When it comes to community outreach and education, there’s no horsing around. Rolfe leads hundreds of tours, helps scouts earn their pets merit badges and hosts many community events to spread awareness and share her blessings. As a board member of United Hebrew, she threw an outdoor fundraising gala at her home for 200 guests and continues to give back any chance she gets. During the pandemic, she started a weekly virtual children’s story time and reads aloud books about animals.

"Judaism has many laws regarding tza'ar ba'alei chayim (the prevention of cruelty to animals), such that we are obligated to help when we see an animal in need or one being mistreated,” said United Hebrew’s Rabbi Brigitte Rosenberg, who officiated Belle’s wedding at the ranch last year.  “What Stacy does for the animals, she, too, would do for people, as our tradition recognizes that there is a link between the way a person treats animals and the way they treat other human beings.
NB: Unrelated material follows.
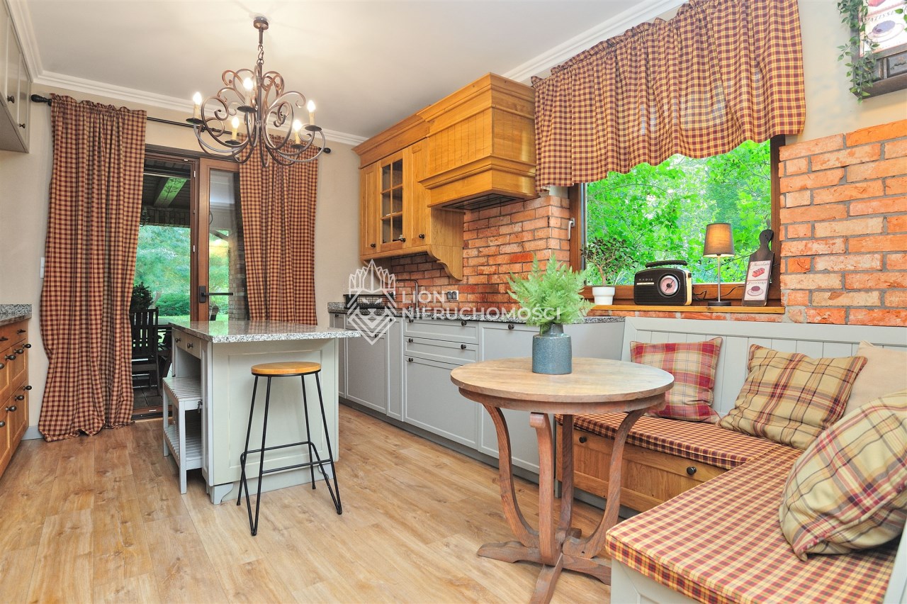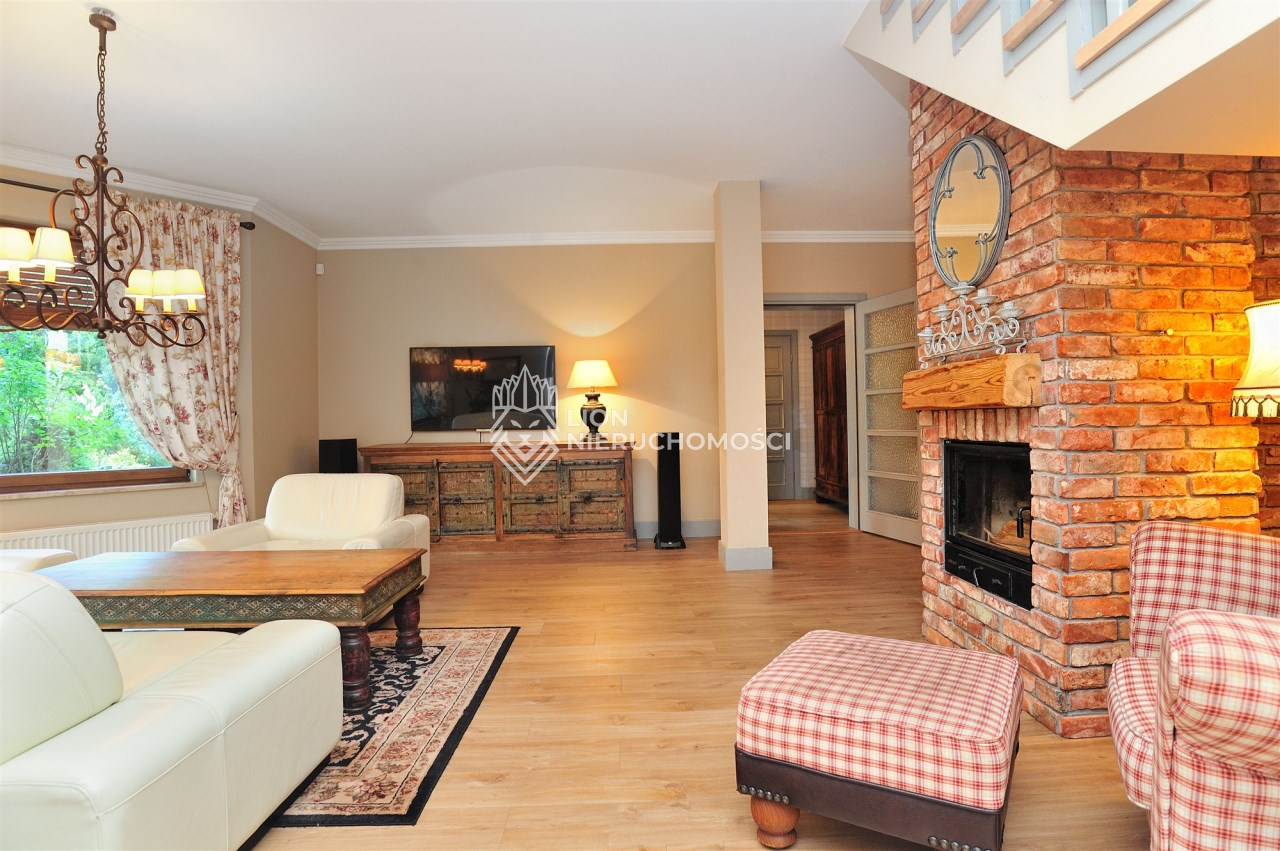 Wnętrza zostały zaprojektowane z myślą o wygodzie domowników. Przestronny, jasny salon z kominkiem stanowi centrum życia rodzinnego. Z salonu prowadzi wyjście na taras i do ogrodu, co sprzyja odpoczynkowi na świeżym powietrzu.
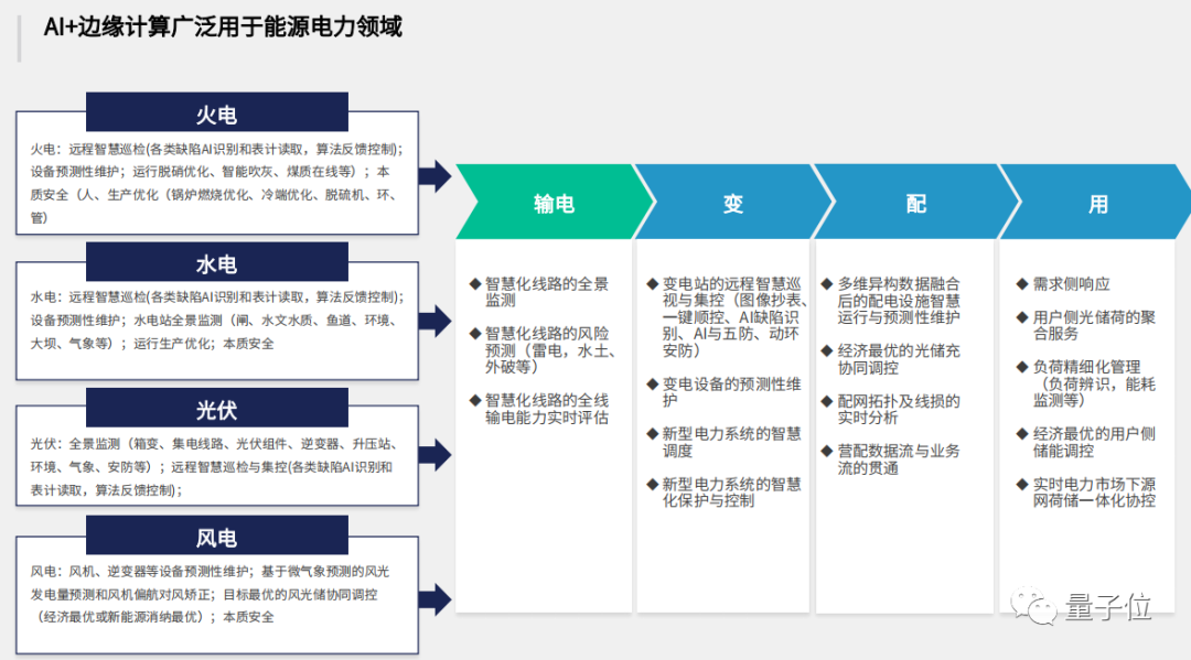 目前AI+边缘计算,从能源电力领域的风光水火的发电侧,到输电变电配电用电的整个场景,应用落地的场景是非常丰富的。

Through the R&R Ranch, Stacy may be focused on the animals, but by taking the ranch public and sharing it with the world, she has shown everyone the value and the power of kindness.”

No matter how many public and private tours Rolfe leads, she still tears up when she shares stories about horses like Emma, whom she calls “the sweetest soul in the barn.”

“Emma was old and frail and required blankets to keep warm in the cold winter months and extra feedings to maintain her weight after bouts of colic. She also had moon blindness, which means she was only able to see shadows and spent a lot of time alone. Sadly, when Emma recently passed away, Stanley cried out for her in his stall that they shared together.”

From heartbreaking to heartwarming, Rolfe squeals with laughter when it comes to  “Miss Martha Mae,” whose viral video of her dancing the moonwalk in the barn garnered 17 million views. This is the same disabled horse that Rolfe rescued in January 2019 in the middle of a polar vortex, driving seven hours each way, to give this animal a second chance in life.  

“Martha has an aura that resonates with millions worldwide. Her can-do attitude gives people hope, strength, and comfort. Every single day I receive hundreds of messages that touch my heart.”